Amazon Nova has two categories of models: 
 - **Understanding models** —These models are capable of reasoning over several input modalities, including text, video, and image, and output text. 
- **Creative Content Generation models** —These models generate images or videos based on a text or image prompt.
  
### Amazon Nova Models at Glance
![media/model_intro.png](media/model_intro.png)

**Multimodal Understanding Models**
- **Amazon Nova Micro**: Lightening fast, cost-effective text-only model
- **Amazon Nova Lite**: Fastest, most affordable multimodal FM in the industry for its intelligence tier
- **Amazon Nova Pro**:  The fastest, most cost-effective, state-of-the-art multimodal model in the industry

**Creative Content Generation Models**
- **Amazon Nova Canvas**:State-of-the-art image generation model
- **Amazon Nova Reel**:State-of-the-art video generation model


The following notebooks will be focused primarily on Amazon Nova Understanding Models. 

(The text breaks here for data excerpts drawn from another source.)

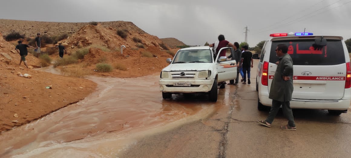 أعلن جهاز الإسعاف والطوارئ، “وفاة مواطن بمنطقة وشتاته في بني وليد، قائلا إنه يجري إخلاء عمارات 51 بالمدينة”، مشيرا إلى “ارتفاع سريع لمنسوب المياه من جهة وادي القرجومة- وادي النورة ببني وليد”، ومطالبا “المواطنين بعدم الاقتراب من تلك السيول”.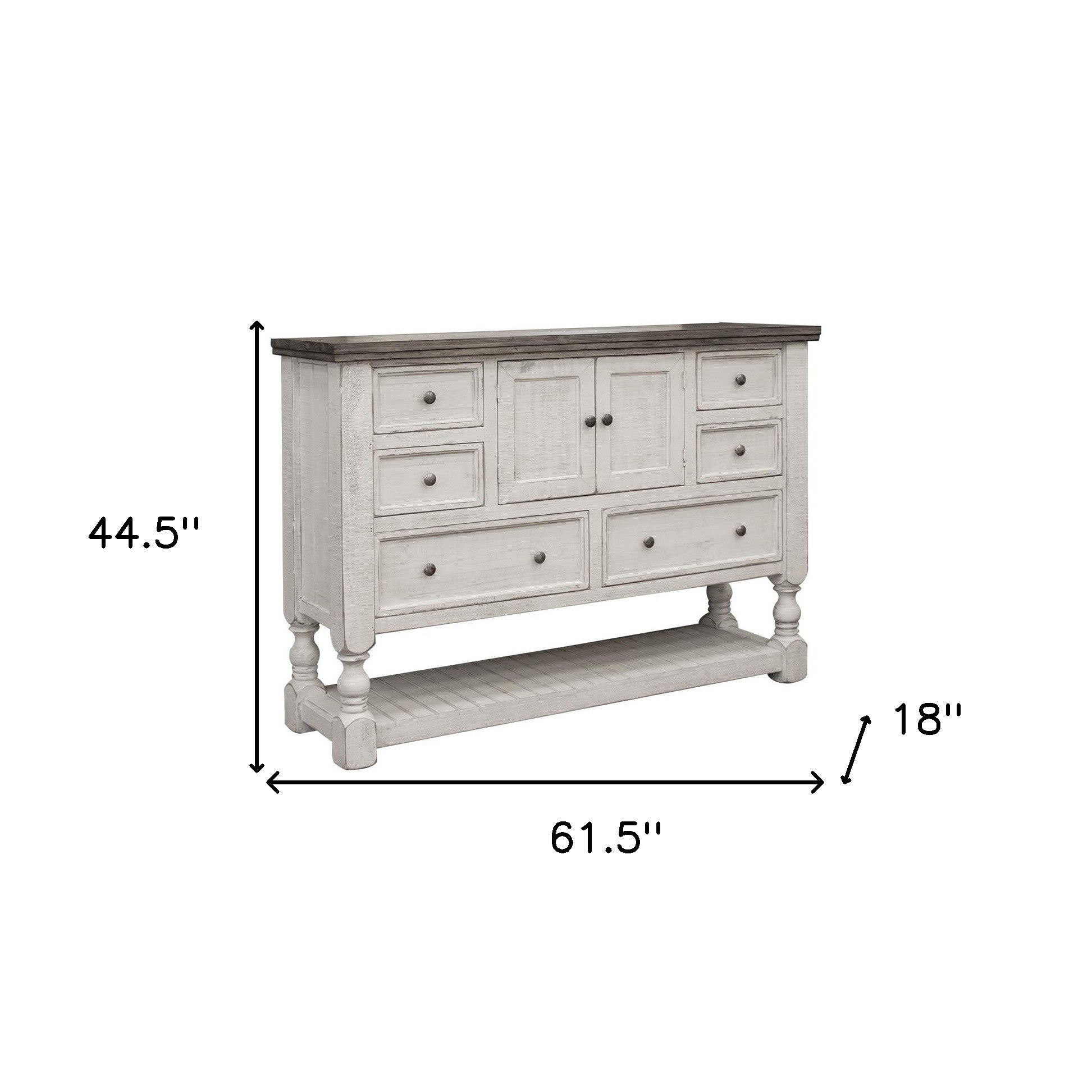 62" Gray and Ivory Solid Wood Six Drawer Triple Dresser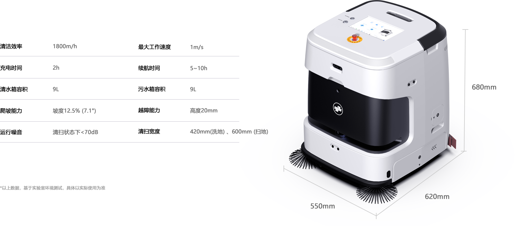 集扫地、洗地、吸尘、推尘、拖地功能于一体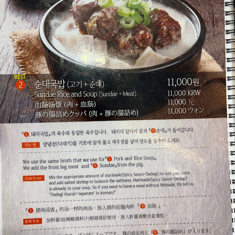 식사분위기 좋고, 웨이터분들도 친절하고, 돼지고기국밥, 블러드소시지, 반찬 모두 맛있어요(반찬은 리필가능)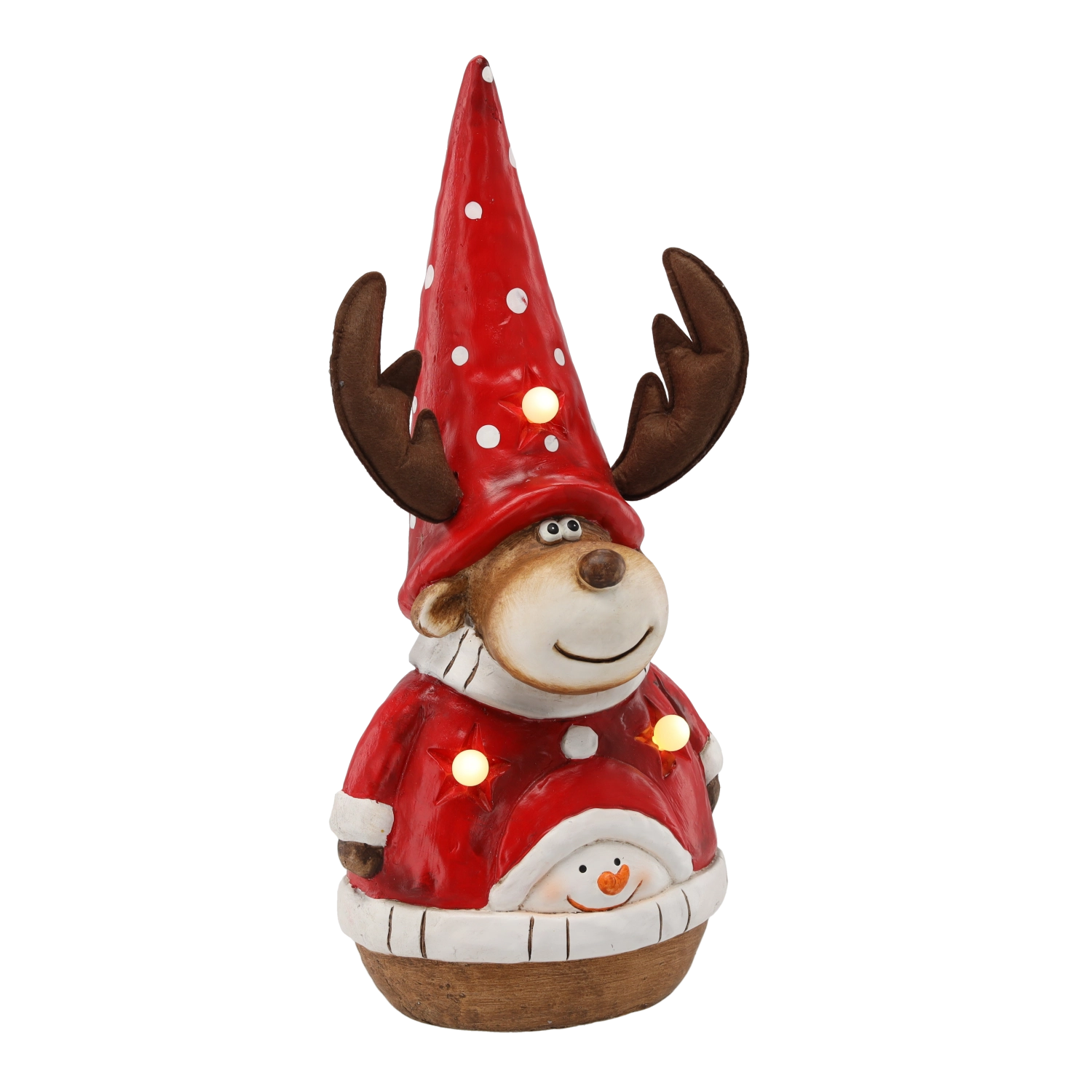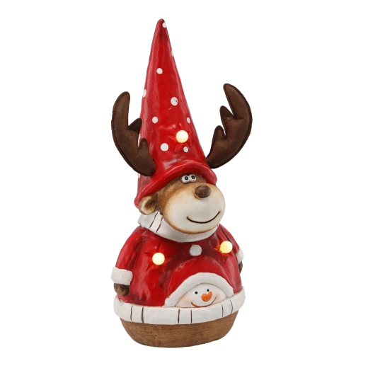 Kerstfiguur – rendier met muts met LED-verlichting 48 cm

**Amazon Nova Multimodal understanding** foundation models (FMs) are a family of models that are capable of reasoning over several input modalities, including text, video, documents and/or images, and output text. You can access these models through the Bedrock Converse API and InvokeModel API.


---

### 1. Setup

**Step 1: Gain Access to the Model**: If you have not yet requested for model access in Bedrock, you do so [request access following these instructions](https://docs.aws.amazon.com/bedrock/latest/userguide/model-access-modify.html).

![media/model_access.png](media/model_access.png)

## 2 When to Use What?

## 2.1 When to Use Amazon Nova Micro Model

Amazon Nova Micro (Text Input Only) is the fastest and most affordable option, optimized for large-scale, latency-sensitive deployments like conversational interfaces, chats, and high-volume tasks, such as classification, routing, entity extraction, and document summarization.

## 2.2 When to Use Amazon Nova Lite Model

Amazon Nova Lite balances intelligence, latency, and cost-effectiveness. It’s optimized for complex scenarios where low latency (minimal delay) is crucial, such as interactive agents that need to orchestrate multiple tool calls simultaneously. Amazon Nova Lite supports image, video, and text inputs and outputs text. 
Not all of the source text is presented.